Don’t ask me for advice I still don’t understand what a 3D printer is.
Me: Why don’t you ride your bike to practice and save me the trip?
13-year-old: I can’t. It’s too far.
Me: You ride twice that far when you go to your friend’s house.
13: I can only go that far if it’s for fun.
MOM: putting him in sports was a bad idea
DAD: yup
ME (in right field wearing my cup on my face): hey coach look at me I’m Bane lol
*knocks on neighbor’s door*
May I borrow a cup of sleep?
if you give me a serious answer to a silly question I’m giving you a wedgie
Just did a 30 minute mile on the treadmill. I see a white light. Nana?!

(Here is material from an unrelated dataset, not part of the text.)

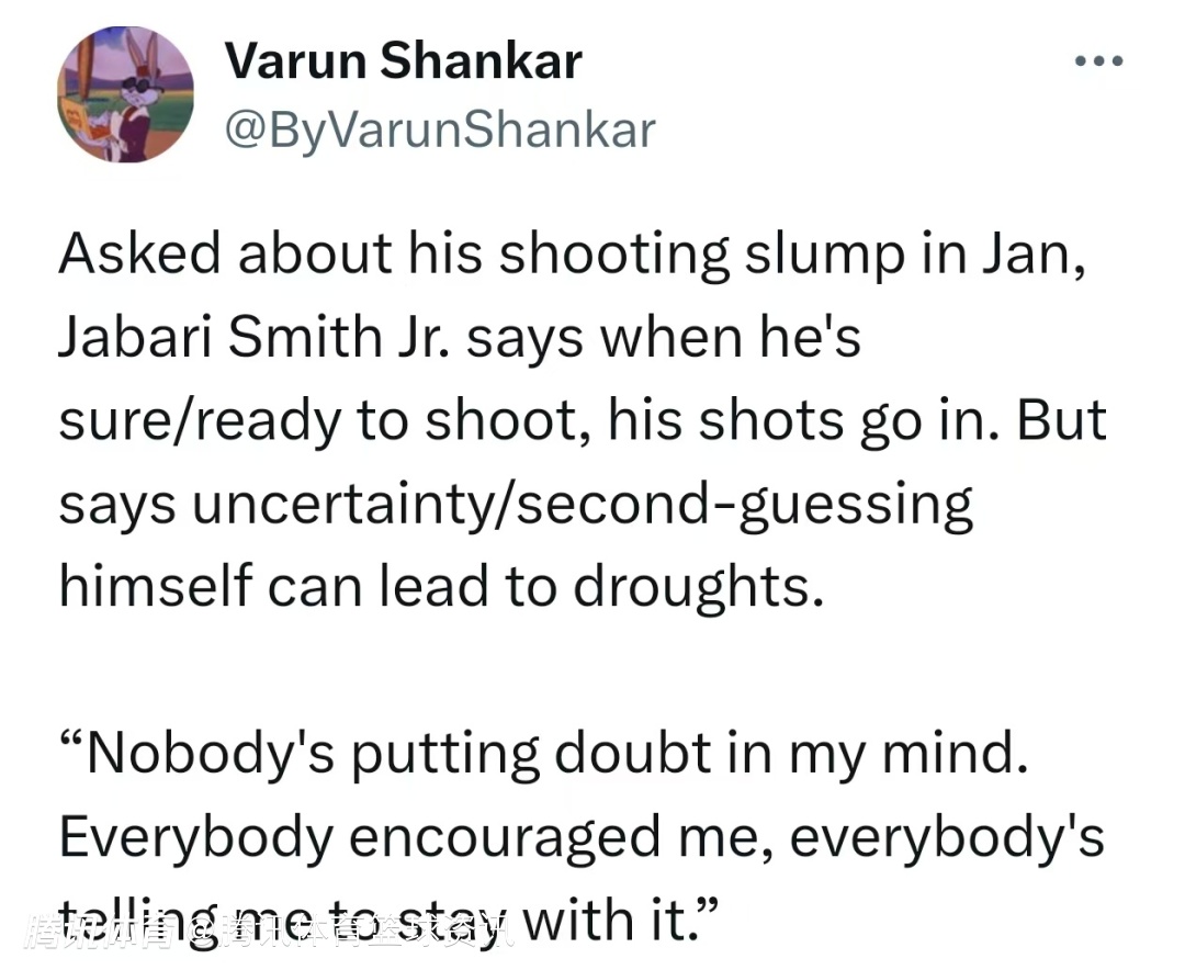 小贾巴里表示,投篮能否命中的关键在于出手时的坚定心态,只要自己确信准备就绪,球就能投进;而犹豫不决或是自我怀疑,正是导致近期投篮不顺的原因。

You know those people who get all excited and lovey with puppies at pet stores?
Same. But I’m in a liquor store.
Doctor: Any food allergies?
Patient: Sometimes dairy products disagree with me
Carton of milk: That’s not true
News: IKEA pledges 1 billion euros to help slow climate change.
But knowing IKEA, it will take forever to put the money together.
Remember that weird kid who ate the batteries in middle school? Well he’s a millionaire now! Just kidding, he died. He ate batteries.
Me: Hiding in my pantry from a murderer
Also me: Opens a bag chips in pantry gets murdered
The veggies I bought 3 weeks ago as I reach for another pudding
Just finished my taxes and it looks like I’ll be able to afford that vacation to the Outback…steakhouse that is.